→ **Try it**:
When you repeat the records, keep every word exact and drop each picture.

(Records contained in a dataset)
#####

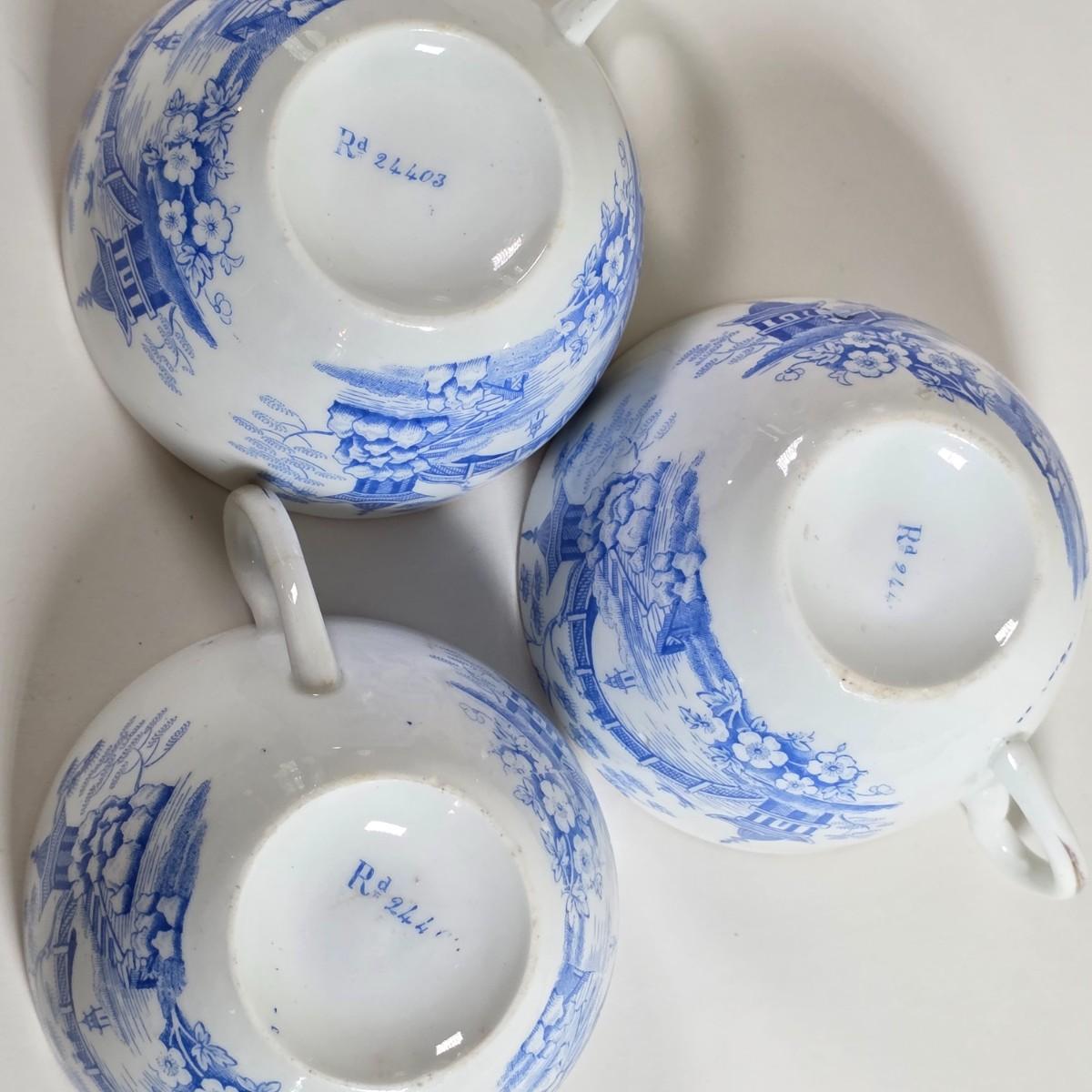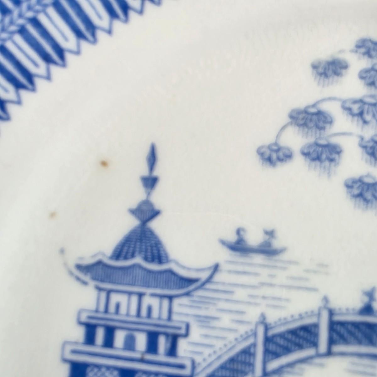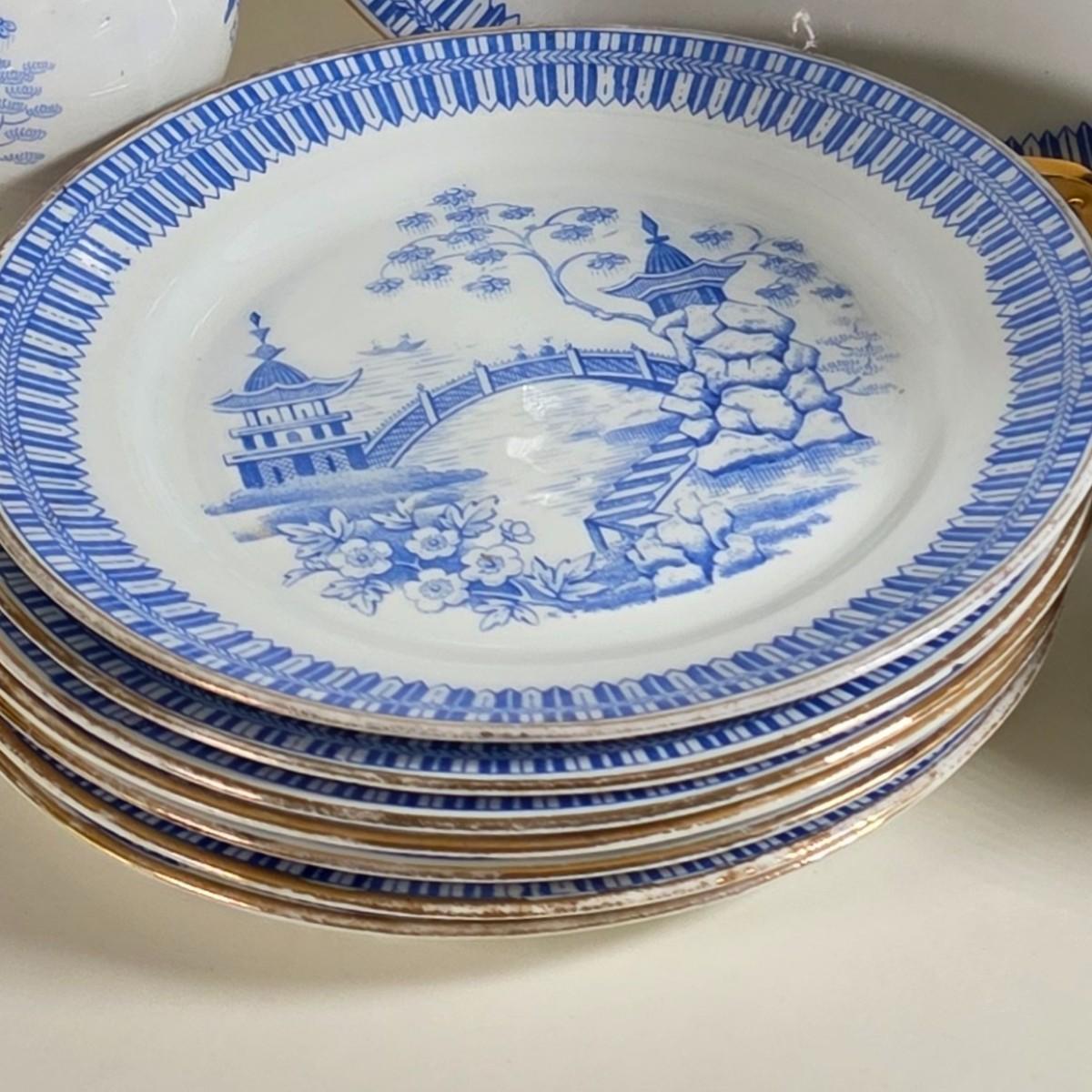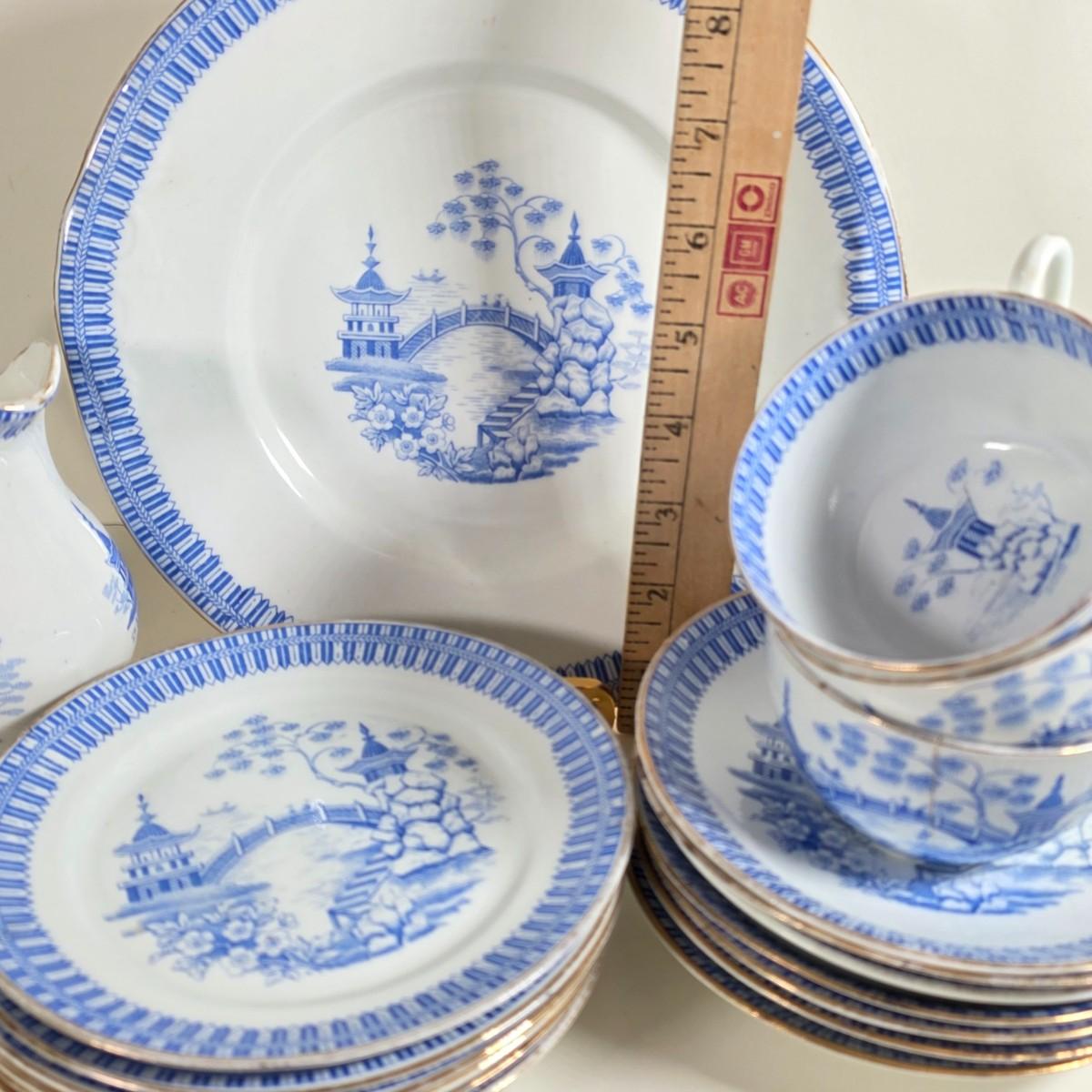 LOT 56D: Antique/Vintage Royal Worcester Blue Willow China, Serving Platter, Plates, Teacups & Creamer
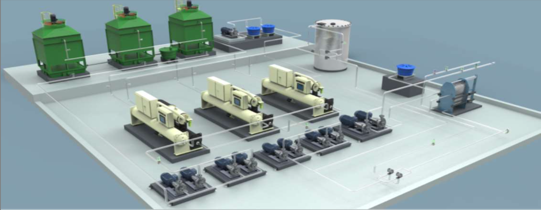 Tratamento e controle de sistemas de resfriamento e água gelada, prevenindo bioincrustação, corrosão e perda de eficiência térmica.
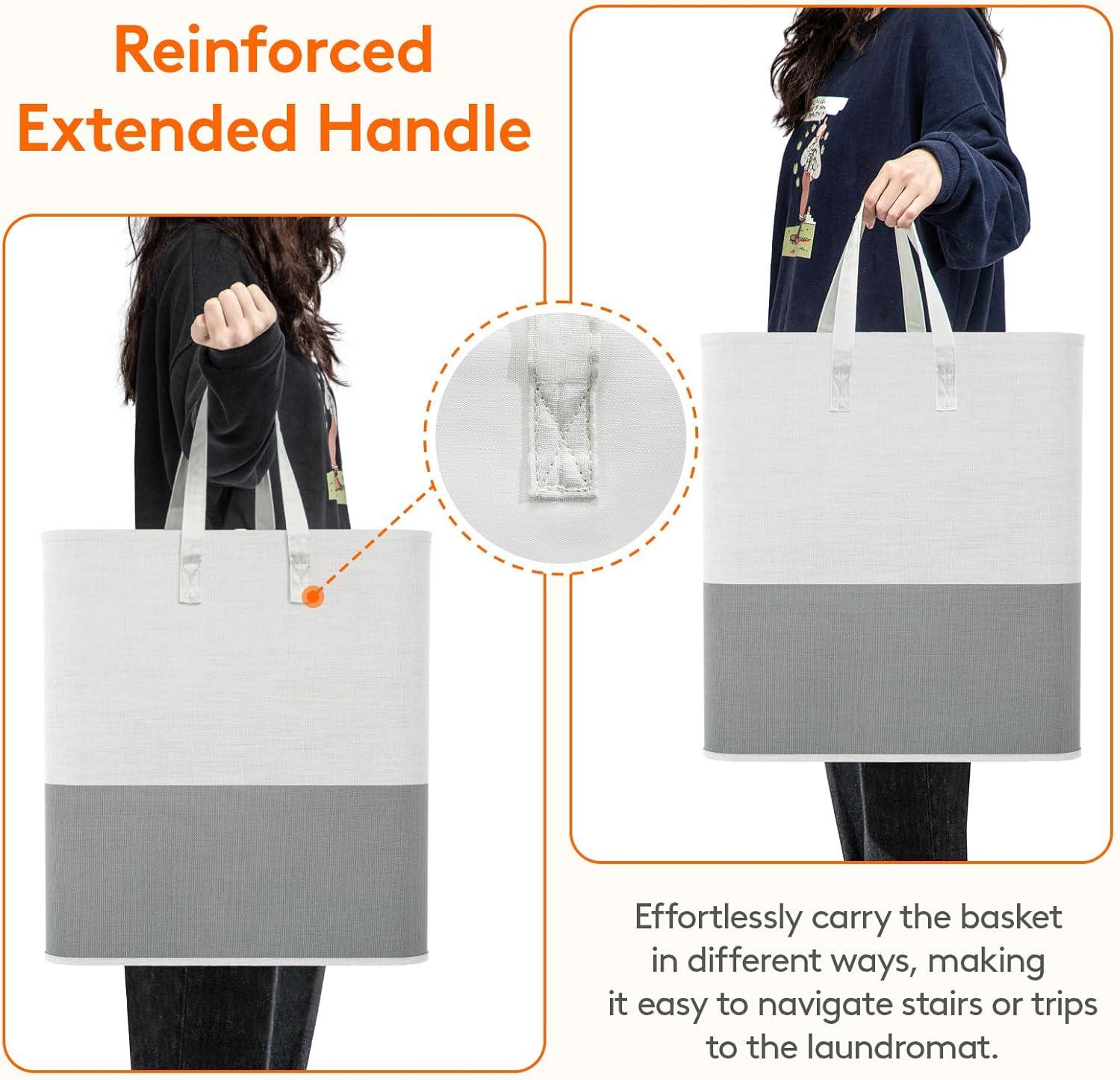 Reinforced Extended Handle: Equipped with reinforced long handles for effortless carrying, the two handles are designed for seamless transportation, allowing you to carry the dirty clothes hamper with ease in different ways. Whether you need to navigate stairs or make regular trips to the laundromat, our basket’s handles make the journey smooth and hassle-free. For utmost strength, the handles are reinforced with strong stitching, ensuring exceptional durability and reliable performance.
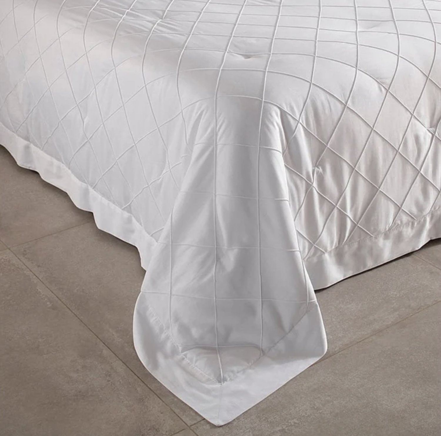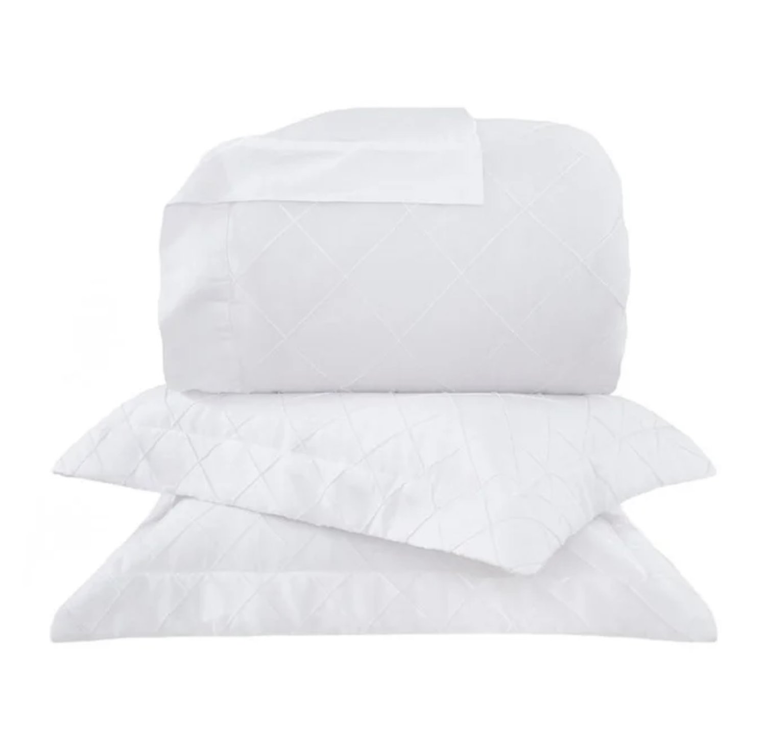 - Acabamento: Matelassê; Porta-travesseiros com aba nos três lados;
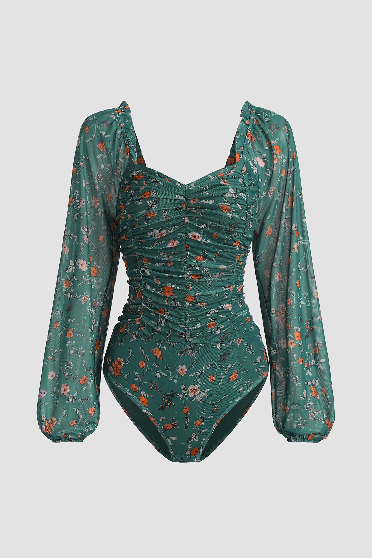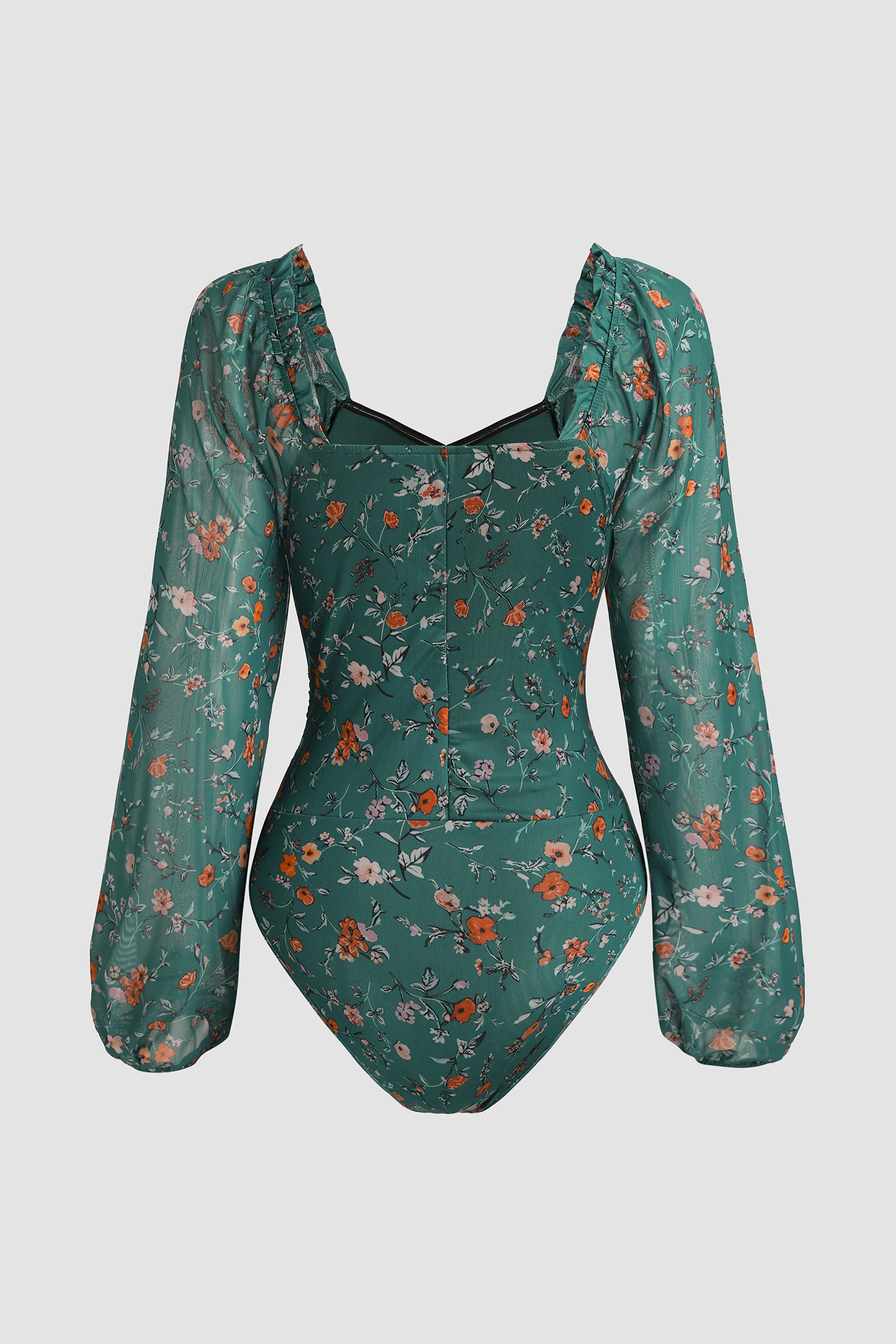 HomeGreen Floral Diamond Neck Blouson Sleeve Bodysuit
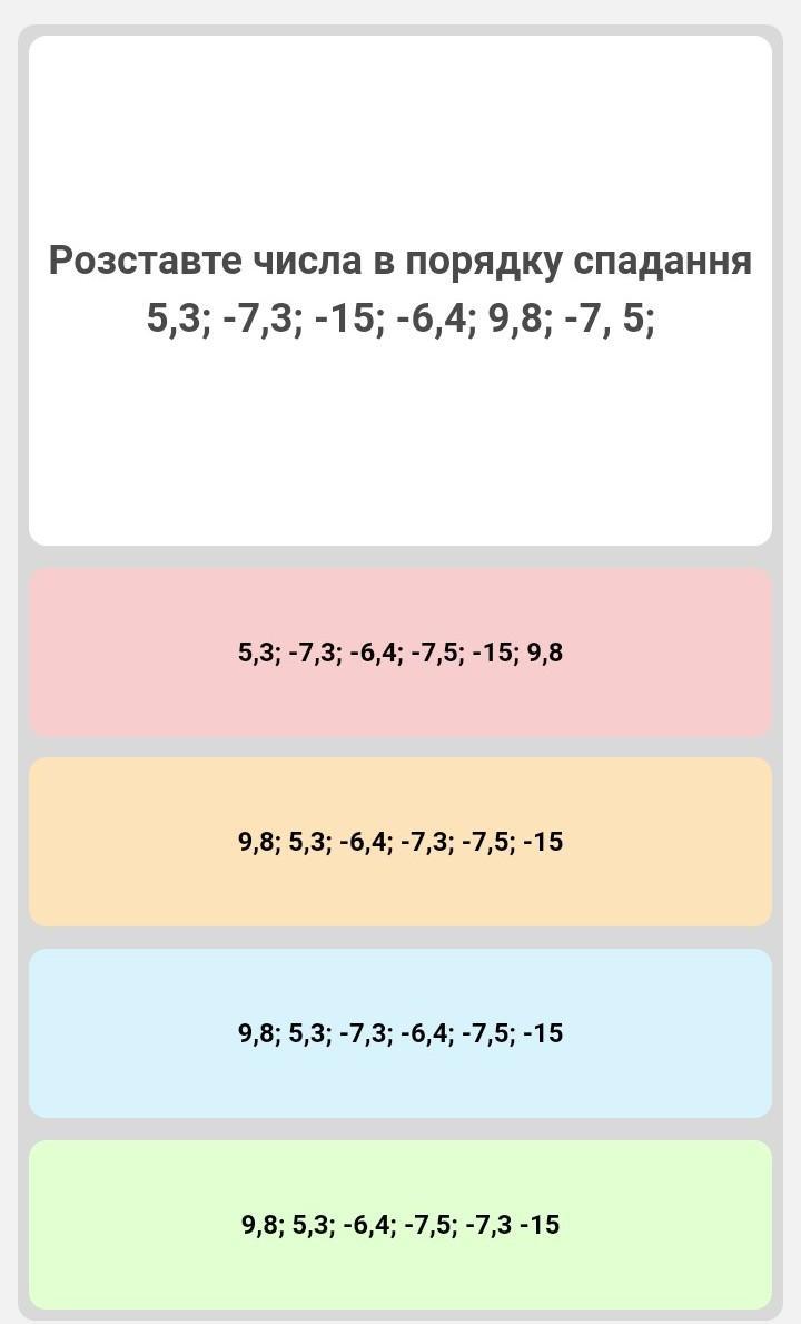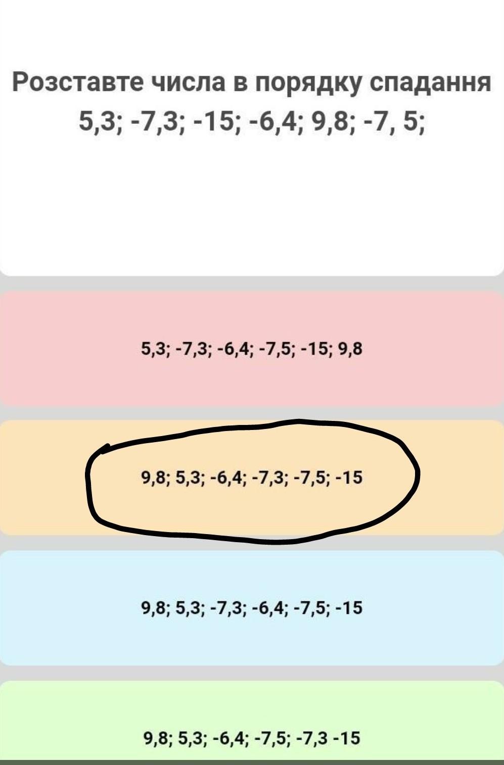 9,8; 5,3; -6,4; -7,3; -7,5; -15

#####

→ **Task solution**:
 LOT 56D: Antique/Vintage Royal Worcester Blue Willow China, Serving Platter, Plates, Teacups & Creamer
 Tratamento e controle de sistemas de resfriamento e água gelada, prevenindo bioincrustação, corrosão e perda de eficiência térmica.
 Reinforced Extended Handle: Equipped with reinforced long handles for effortless carrying, the two handles are designed for seamless transportation, allowing you to carry the dirty clothes hamper with ease in different ways. Whether you need to navigate stairs or make regular trips to the laundromat, our basket’s handles make the journey smooth and hassle-free. For utmost strength, the handles are reinforced with strong stitching, ensuring exceptional durability and reliable performance.
 - Acabamento: Matelassê; Porta-travesseiros com aba nos três lados;
 HomeGreen Floral Diamond Neck Blouson Sleeve Bodysuit
 9,8; 5,3; -6,4; -7,3; -7,5; -15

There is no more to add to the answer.